Court Rules Commercial Fish Stocks Shouldn't Be Wasted

Victory

Bottom trawl industry's attempt to ignore bycatch regulations fails

Contacts

Michael LeVine, Earthjustice, (907) 586-2751
Susan Murray, Oceana, (907) 586-4050, (work), (907) 321-8318 (cell)
Janis Searles, Oceana, (503) 234-4552
Dorothy Childers, Alaska Marine Conservation Council, (907) 277-5357

A federal district court ruled today that a group of Alaska bottom trawl fishing vessels must reduce the amount of fish they throw overboard as waste in the process of targeting the most valuable fish. The bottom trawlers drag a net across the ocean bottom and catch both fish they are targeting as well as non-target species that are discarded dead. The court order keeps in place a federal regulation, known as Amendment 79, scheduled to take effect in 2008. Amendment 79, requires certain Bering Sea and Aleutian Island bottom trawl catcher/processor vessels that are over 125 feet long to retain an increasing portion of their overall catch. It requires the boats to start retaining 65 percent of their catch in 2008 and increases to 85 percent by 2011. Some bottom trawl boats had sued to invalidate Amendment 79.

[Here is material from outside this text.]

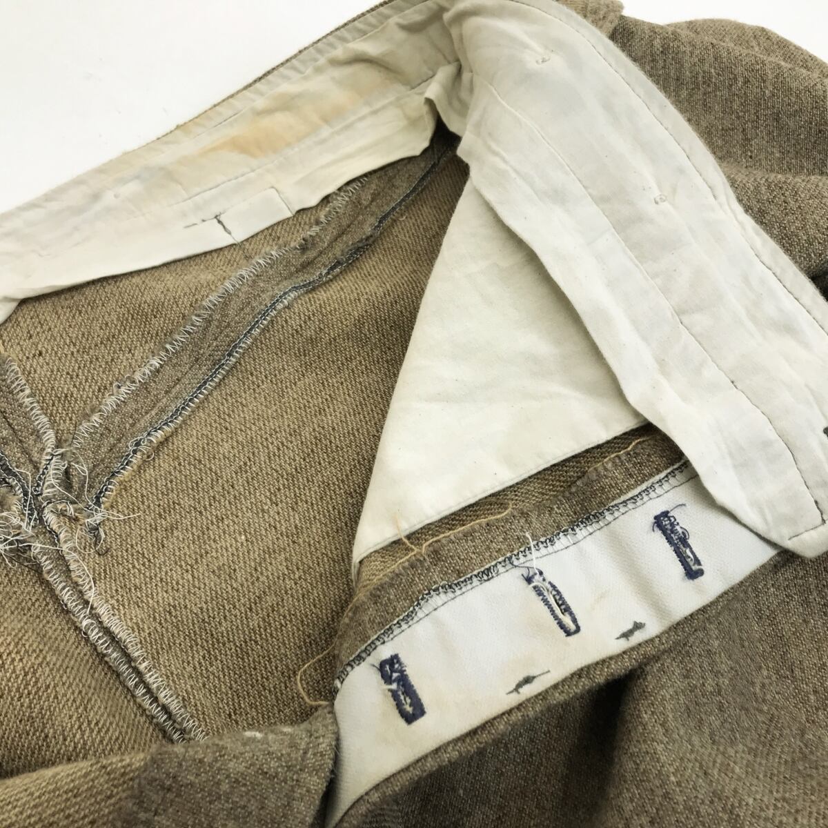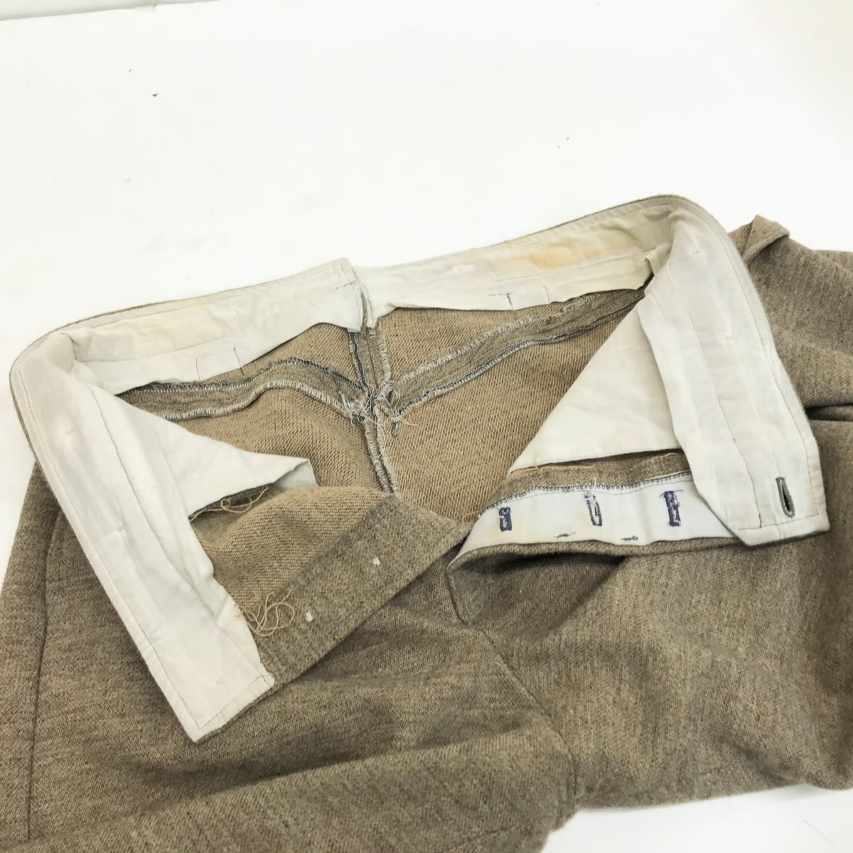 USED UNKNOWN 60 〜70年代前後? シンチバック サスペンダーボタン付き ウールパンツ ワークパンツ ブラウンベージュ W39 L34位

Conservation groups intervened in the lawsuit filed by the bottom trawlers to defend the federal bycatch regulation. The conservation groups told the court that the federal government is right to mandate a decrease in the amount of fish bottom trawlers are currently throwing overboard. The boats are discarding fish deemed uneconomic due to wrong sex, size, or species. Hundreds of millions of pounds of wasted fish and other marine life are thrown over the side of bottom trawl vessels every year. The trawlers typically fish for rock sole, yellowfin sole, flathead sole, and Atka mackerel and dump more bycatch overboard than any other segment of the North Pacific groundfish fishery.


“The court has ruled that these companies will not be allowed to continue wasting public resources,” said Earthjustice attorney Michael LeVine. “This case deals with a few large vessels that still haven’t turned the corner into 21st century fishing.”

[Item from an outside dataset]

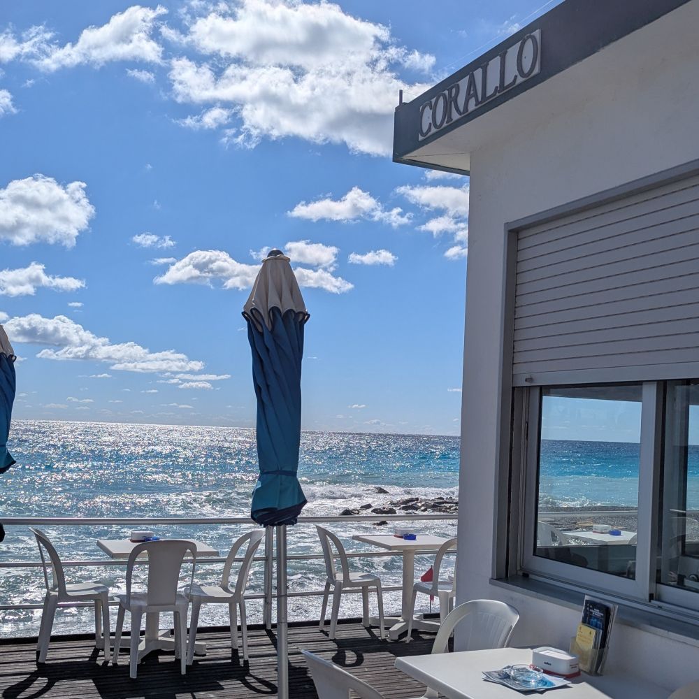 This great stop along the promenade is easily accessible from the train station. Stop here for a bit of seaside sun and a lovely aperitivo. The view of the water is unbelievable as in the right light, you can see the different depths by how the blue of the water color changes. The staff here are very nice and offered us information about Bordighera and what to see in town.

“The reality that hundreds of millions of pounds of wasted fish and other marine life are thrown over the side of bottom trawl vessels every year is completely unacceptable to most Alaskans. Management measures that set at least a minimum standard for reducing excessive waste in the Bering Sea fleet are long overdue,” said Dorothy Childers, program director for the community-based Alaska Marine Conservation Council. 

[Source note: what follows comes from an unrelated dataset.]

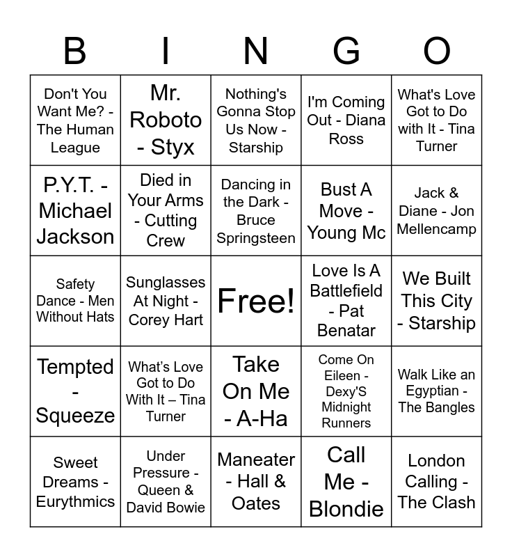 This bingo card has a free space and 55 words: All Night Long - Lionel Richie, Sweet Dreams - Eurythmics, Kiss - Prince, Don't You Want Me? - The Human League, Maneater - Hall & Oates, Faith - George Michael, Died in Your Arms - Cutting Crew, Let's Hear It for the Boy - Deniece Williams, Bust A Move - Young Mc, Footloose - Kenny Loggins, I'm Coming Out - Diana Ross, Who can it be now? – Men At Work, Just Can't Get Enough - Depeche Mode, Total Eclipse Of The Heart - Bonnie Tyler, Hey Mickey - Toni Basil, Red Red Wine – UB40, What's Love Got to Do with It - Tina Turner, Sunglasses At Night - Corey Hart, Time After Time - Cyndi Lauper, London Calling - The Clash, Love Is A Battlefield - Pat Benatar, Raspberry Beret - Prince, Come On Eileen - Dexy'S Midnight Runners, Nothing's Gonna Stop Us Now - Starship, Never Gonna Give You Up - Rick Astley, Dancing in the Dark - Bruce Springsteen, Call Me - Blondie, Africa – TOTO, We Built This City - Starship, Walk Like an Egyptian - The Bangles, Push It - Salt-N-Pepa, I'm So Excited - The Pointer Sisters, It Takes Two - Rob Base & DG E-Z Rock, Livin' On A Prayer - Bon Jovi, P.Y.T. - Michael Jackson, Safety Dance - Men Without Hats, La Bamba – Los Lobos, Tempted - Squeeze, Jessie's Girl - Rick Springfield, What I Like About You - The Romantics, Mr. Roboto - Styx, Tainted Love - Soft Cell, I Wanna Dance with Somebody- Whitney Houston, Walking On Sunshine - Katrina & The Waves, What’s Love Got to Do With It – Tina Turner, Under Pressure - Queen & David Bowie, Every Breath You Take - The Police, I Melt With You - Modern English, Funky Cold Medina - Tone-Loc, Jack & Diane - Jon Mellencamp, Take My Breath Away - Berlin, Money For Nothing – Dire Straits, Keep On Loving You - REO Speedwagon, Take On Me - A-Ha and It's The End Of The World As We Know It - R.E.M..

On May 5, 2006, two commercial fishing companies, the Legacy Fishing Company and the Fishing Company of Alaska, filed the suit in the District of Columbia District Court to overturn Amendment 79 and its implementing regulations. The companies are based in Washington state but fish in the federal waters off Alaska. They claim that the bycatch reduction measures would be too costly. In response to the suit, Oceana and the Alaska Marine Conservation Council, with legal representation from Earthjustice, joined the federal government in defending Amendment 79 and its benefits for the ocean ecosystem. 


“We cannot sacrifice long-term sustainability of our ocean ecosystems and commercial fisheries for the short-term gain of a few vessels,” said Janis Searles, senior counsel for Oceana. “This measure provides a strong incentive for dirty fisheries to clean up their act. The cost of their excessive discards to the oceans and our fisheries is simply too high.” 


Implementation of the new regulation will require these same vessels to retain more of their catch, and will serve as an incentive for these vessels to fish “cleaner.”